You are correct. I misunderstood that part. It indeed only filters on the top-level names.

yarikoptic commented 1 month ago

some pointers to support the common practice and generally

@jwodder , IIRC you had/know of some kind of index of pip packages, am I right? I wonder if there is a listing of contents of source packages/distribution to get some stats on how common is to ship tests within sources, within package_source, within "binary" builds. I can only look at examples of some most popular/core packages, e.g.

numpy - within `numpy` package, and shipped in source distribution, (edit) and shipped in .whl ```shell ❯ find -iname tests ./numpy/_core/tests ./numpy/_pyinstaller/tests ./numpy/compat/tests ./numpy/distutils/tests ./numpy/f2py/tests ./numpy/fft/tests ./numpy/lib/tests ./numpy/linalg/tests ./numpy/ma/tests ./numpy/matrixlib/tests ./numpy/polynomial/tests ./numpy/random/tests ./numpy/testing/tests ./numpy/tests ./numpy/typing/tests ``` ```shell ❯ tar -tzvf <(curl --silent https://files.pythonhosted.org/packages/54/a4/f8188c4f3e07f7737683588210c073478abcb542048cf4ab6fedad0b458a/numpy-2.1.0.tar.gz) | grep 'tests/test_.*\.py' | head -rw-r--r-- 0/0 5032 2024-07-08 08:34 numpy-2.1.0/numpy/_core/src/common/pythoncapi-compat/tests/test_pythoncapi_compat.py -rw-r--r-- 0/0 27472 2024-07-08 08:34 numpy-2.1.0/numpy/_core/src/common/pythoncapi-compat/tests/test_upgrade_pythoncapi.py -rw-r--r-- 0/0 2881 2024-08-18 13:20 numpy-2.1.0/numpy/_core/tests/test__exceptions.py -rw-r--r-- 0/0 2221 2024-08-18 13:20 numpy-2.1.0/numpy/_core/tests/test_abc.py -rw-r--r-- 0/0 22932 2024-08-18 13:20 numpy-2.1.0/numpy/_core/tests/test_api.py -rw-r--r-- 0/0 2824 2024-08-18 13:20 numpy-2.1.0/numpy/_core/tests/test_argparse.py -rw-r--r-- 0/0 3062 2024-08-18 13:20 numpy-2.1.0/numpy/_core/tests/test_array_api_info.py -rw-r--r-- 0/0 34509 2024-08-18 13:20 numpy-2.1.0/numpy/_core/tests/test_array_coercion.py -rw-r--r-- 0/0 7767 2024-08-18 13:20 numpy-2.1.0/numpy/_core/tests/test_array_interface.py -rw-r--r-- 0/0 3264 2024-08-18 13:20 numpy-2.1.0/numpy/_core/tests/test_arraymethod.py ``` ```shell ❯ unzip -l numpy-2.1.0-pp310-pypy310_pp73-win_amd64.whl | grep 'tests/test_.*\.py' | head 2853 2024-08-18 17:32 numpy/distutils/tests/test_build_ext.py 29586 2024-08-18 17:32 numpy/distutils/tests/test_ccompiler_opt.py 6523 2024-08-18 17:32 numpy/distutils/tests/test_ccompiler_opt_conf.py 7612 2024-08-18 17:32 numpy/distutils/tests/test_exec_command.py 1320 2024-08-18 17:32 numpy/distutils/tests/test_fcompiler.py 2191 2024-08-18 17:32 numpy/distutils/tests/test_fcompiler_gnu.py 1088 2024-08-18 17:32 numpy/distutils/tests/test_fcompiler_intel.py 1124 2024-08-18 17:32 numpy/distutils/tests/test_fcompiler_nagfor.py 1147 2024-08-18 17:32 numpy/distutils/tests/test_from_template.py 902 2024-08-18 17:32 numpy/distutils/tests/test_log.py ```
jwodder commented 1 month ago

you had/know of some kind of index of pip packages, am I right?
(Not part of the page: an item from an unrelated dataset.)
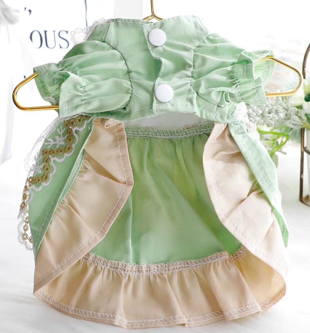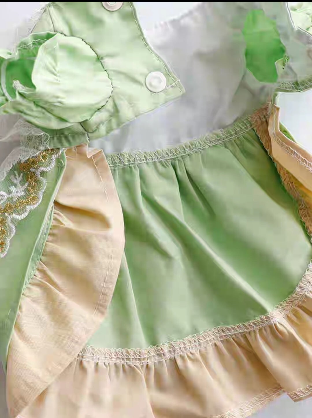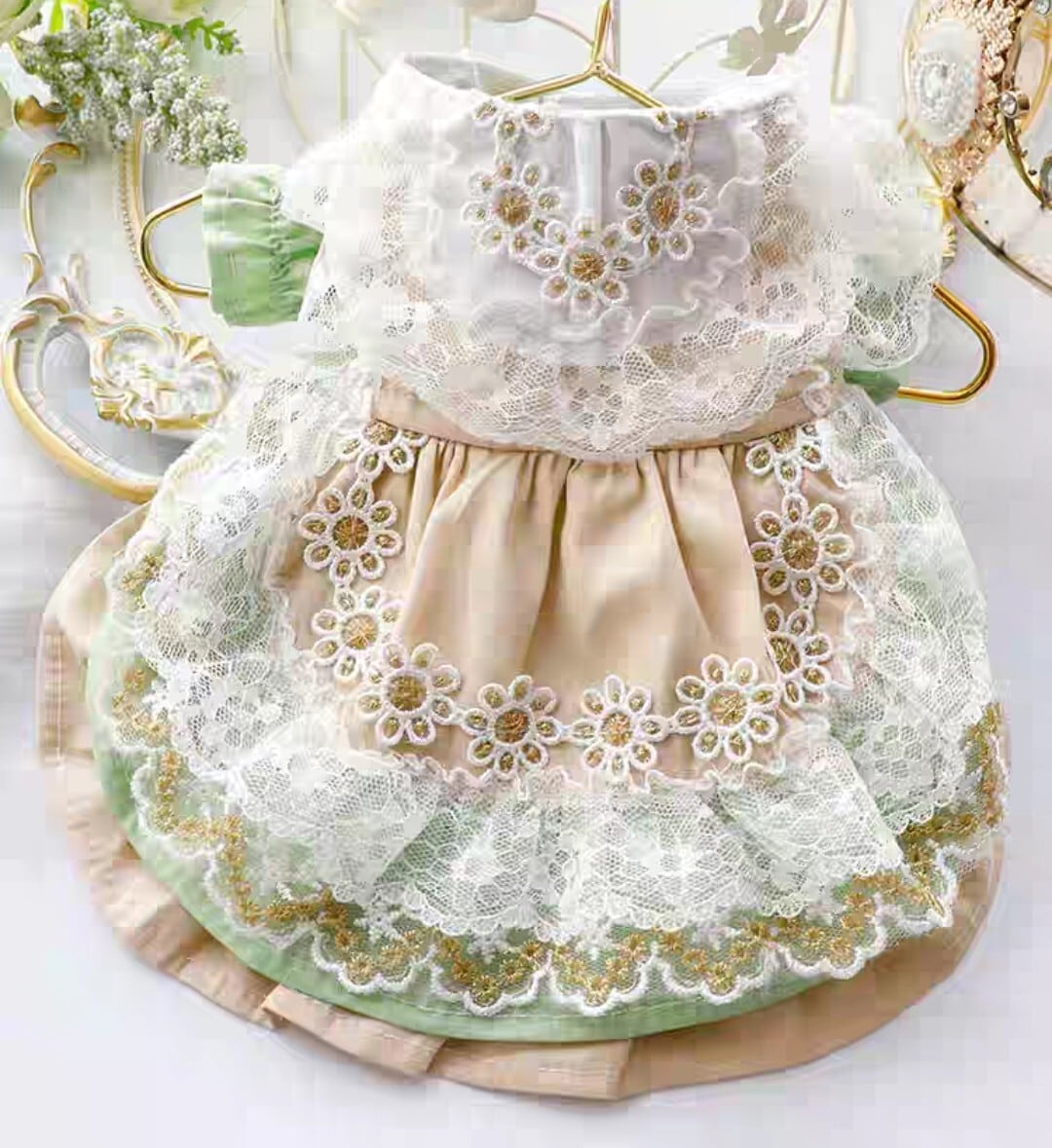 在庫限り【即納商品】グリーンとベージュの小花レースのワンピース

Not one that covers sdists.

I wonder if there is a listing of contents of source packages/distribution to get some stats on how common is to ship tests within sources, within package_source, within "binary" builds.

If you really want to investigate this, I suggest asking on https://discuss.python.org/c/packaging/14.
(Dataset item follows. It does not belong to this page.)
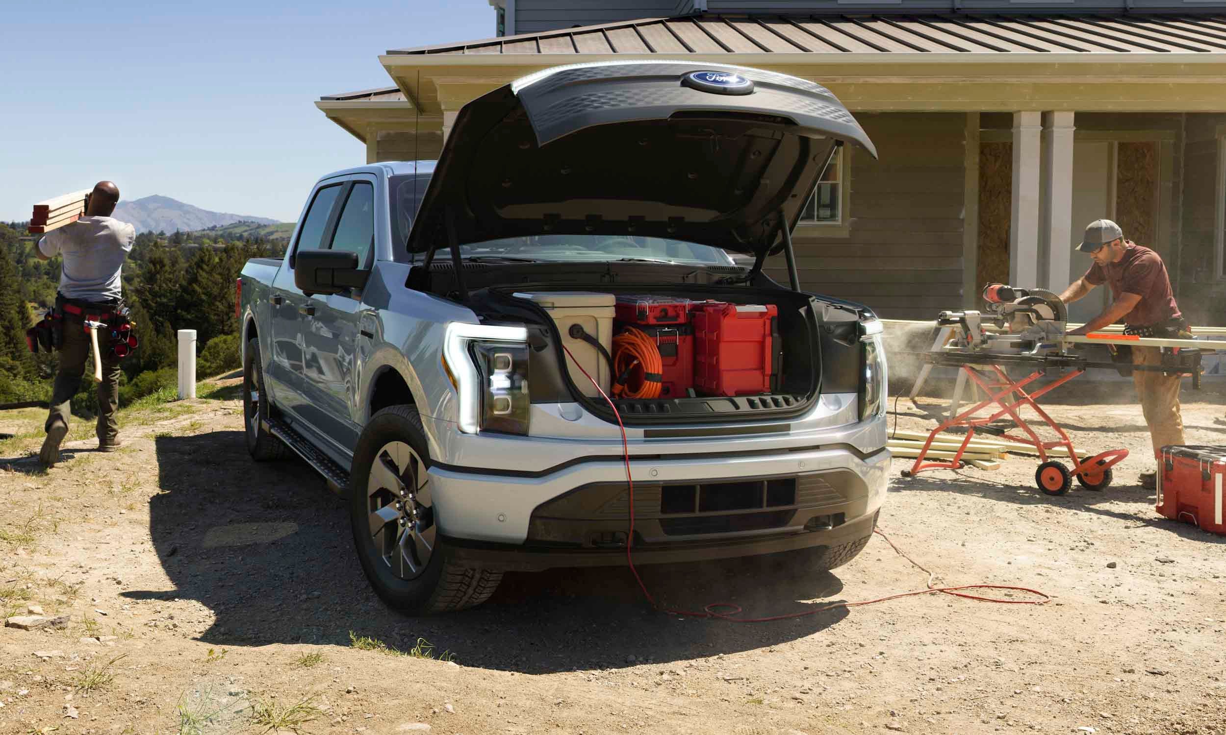 With six standard 120V outlets built into the truck, you can charge your phone, power your tools or plug in anything you need while you’re out and about. Four of these outlets are found in the frunk – or the front trunk – of the truck. Given that EVs don’t need all that room in the front for an engine or other equipment gas-powered cars do, they have more room for storage so you can carry your equipment in the bed of the truck and pack anything else you may need in the frunk!

penguinpee commented 1 month ago

I didn't mean to send you on a wild goose chase. If you prefer including the tests in the wheel, by all means do. As I stated before, we can carry this PR as a downstream only patch. Matter of fact we already do.

Quite often when I see tests shipped in the wheel it turns out to be an oversight. Sometimes it is a genuine mistake, e.g. when they are shipped as a separate module.
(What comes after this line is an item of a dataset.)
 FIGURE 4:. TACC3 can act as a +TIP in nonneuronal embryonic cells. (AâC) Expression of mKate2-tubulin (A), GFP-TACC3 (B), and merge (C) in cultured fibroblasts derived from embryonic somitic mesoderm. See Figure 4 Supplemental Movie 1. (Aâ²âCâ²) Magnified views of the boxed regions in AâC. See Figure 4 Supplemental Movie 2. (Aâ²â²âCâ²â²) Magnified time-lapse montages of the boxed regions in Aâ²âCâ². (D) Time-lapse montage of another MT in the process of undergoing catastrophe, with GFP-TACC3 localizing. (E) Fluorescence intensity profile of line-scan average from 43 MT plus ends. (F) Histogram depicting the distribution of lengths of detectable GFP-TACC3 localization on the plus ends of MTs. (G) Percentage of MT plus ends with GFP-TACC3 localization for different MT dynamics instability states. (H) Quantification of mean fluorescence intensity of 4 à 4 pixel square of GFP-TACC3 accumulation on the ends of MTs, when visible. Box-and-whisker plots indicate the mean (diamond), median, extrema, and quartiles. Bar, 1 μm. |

I have also come across projects that ship them neither in the wheel nor in the sdist. In such cases we usually fall back to acquiring the sources from the upstream forge, because we do want to run those tests as part of the build if possible within reasonable effort.

yarikoptic commented 1 month ago

Thank you @penguinpee ! For now I would just prefer to keep current practice among our projects, unless it would be prohibitive (e.g. large test data requirements etc) which would warrant adding separation of tests from the main code sources. Who knows -- I might be convinced in the opposite later on, so I will keep in mind this case of "import tests". Cheers!